**What needs to be done**
Beginning with the line that contains "In de woonkamer", retype the entries below exactly, ending with the line that contains "Через вершину А". Leave out any pictures.

**Source material**

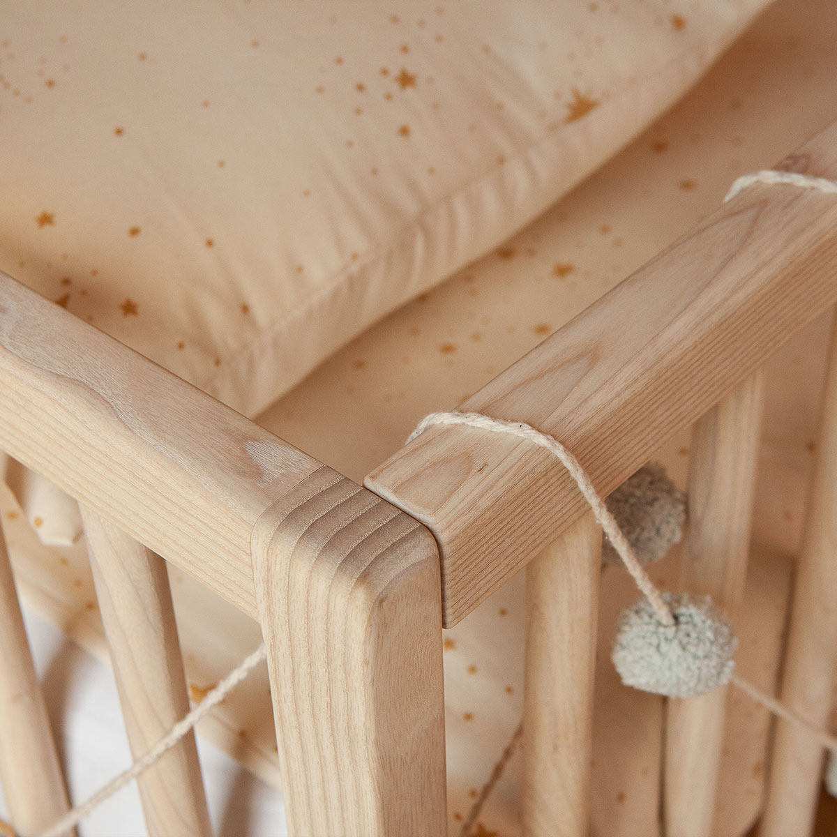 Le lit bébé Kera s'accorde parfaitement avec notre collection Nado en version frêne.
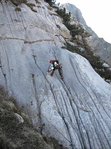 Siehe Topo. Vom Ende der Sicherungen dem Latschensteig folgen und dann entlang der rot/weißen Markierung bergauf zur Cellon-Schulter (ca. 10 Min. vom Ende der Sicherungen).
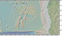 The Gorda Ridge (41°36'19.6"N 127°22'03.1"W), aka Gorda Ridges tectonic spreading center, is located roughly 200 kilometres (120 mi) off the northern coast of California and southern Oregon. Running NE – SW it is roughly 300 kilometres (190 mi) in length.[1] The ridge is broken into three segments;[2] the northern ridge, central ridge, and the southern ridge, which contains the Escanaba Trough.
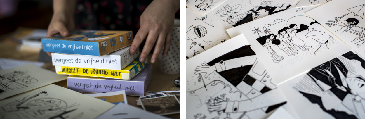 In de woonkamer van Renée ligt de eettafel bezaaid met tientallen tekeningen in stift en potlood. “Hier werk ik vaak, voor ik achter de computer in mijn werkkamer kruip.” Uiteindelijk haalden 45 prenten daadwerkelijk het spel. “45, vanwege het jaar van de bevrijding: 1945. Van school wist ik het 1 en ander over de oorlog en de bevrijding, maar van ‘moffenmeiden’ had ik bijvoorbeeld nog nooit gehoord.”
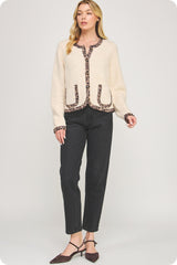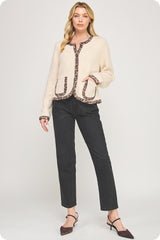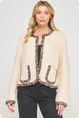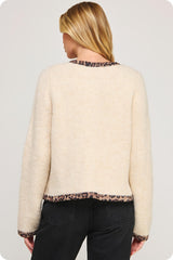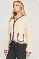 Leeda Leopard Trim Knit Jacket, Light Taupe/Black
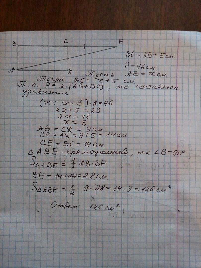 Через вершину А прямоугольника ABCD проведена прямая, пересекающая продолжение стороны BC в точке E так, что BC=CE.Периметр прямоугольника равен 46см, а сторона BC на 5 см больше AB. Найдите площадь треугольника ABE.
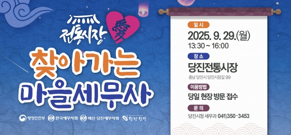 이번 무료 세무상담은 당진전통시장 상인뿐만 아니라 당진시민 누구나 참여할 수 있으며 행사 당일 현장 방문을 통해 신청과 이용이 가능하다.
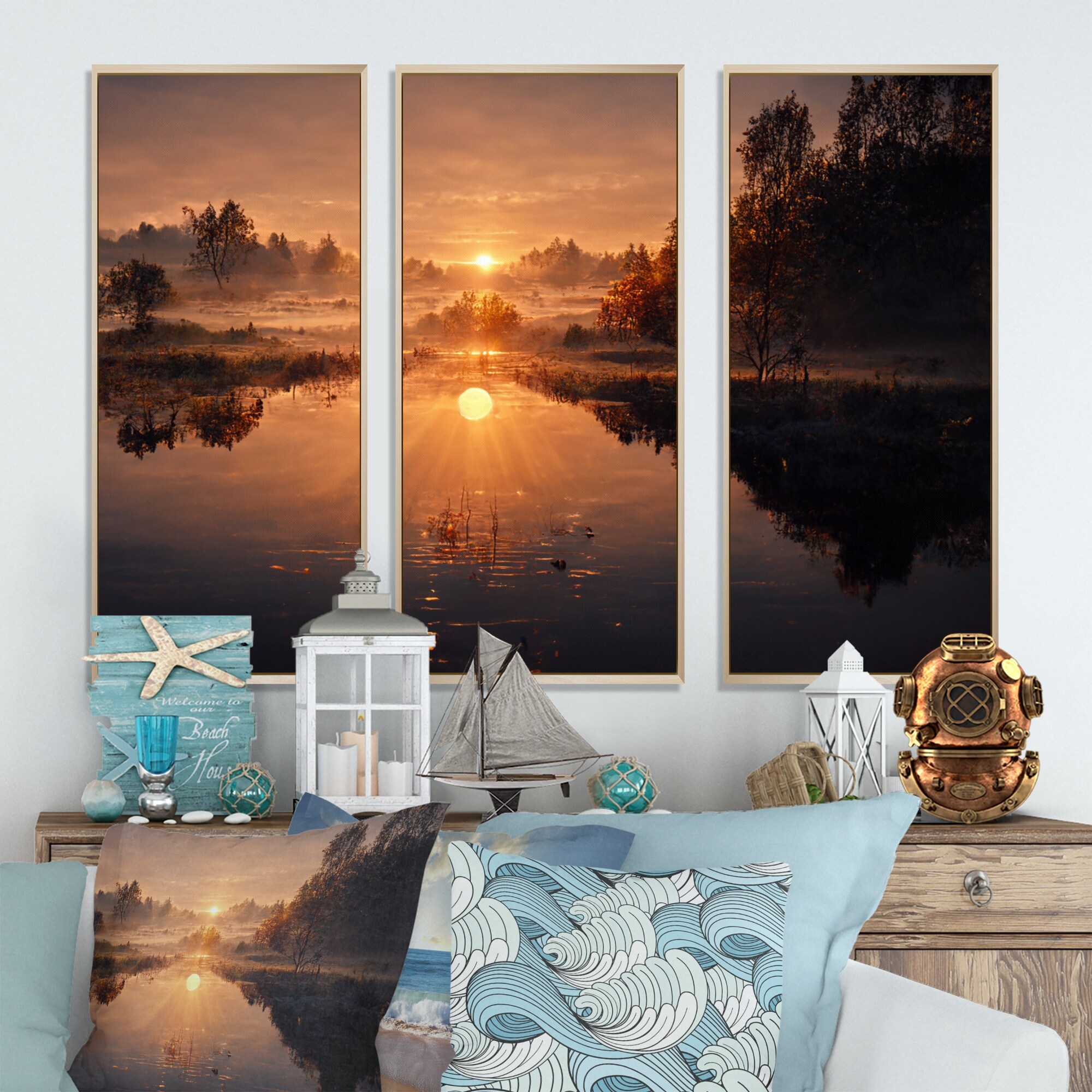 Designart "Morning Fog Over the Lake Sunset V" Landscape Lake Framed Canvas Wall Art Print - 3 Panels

**Answer for this exercise**
 In de woonkamer van Renée ligt de eettafel bezaaid met tientallen tekeningen in stift en potlood. “Hier werk ik vaak, voor ik achter de computer in mijn werkkamer kruip.” Uiteindelijk haalden 45 prenten daadwerkelijk het spel. “45, vanwege het jaar van de bevrijding: 1945. Van school wist ik het 1 en ander over de oorlog en de bevrijding, maar van ‘moffenmeiden’ had ik bijvoorbeeld nog nooit gehoord.”
 Leeda Leopard Trim Knit Jacket, Light Taupe/Black
 Через вершину А прямоугольника ABCD проведена прямая, пересекающая продолжение стороны BC в точке E так, что BC=CE.Периметр прямоугольника равен 46см, а сторона BC на 5 см больше AB. Найдите площадь треугольника ABE.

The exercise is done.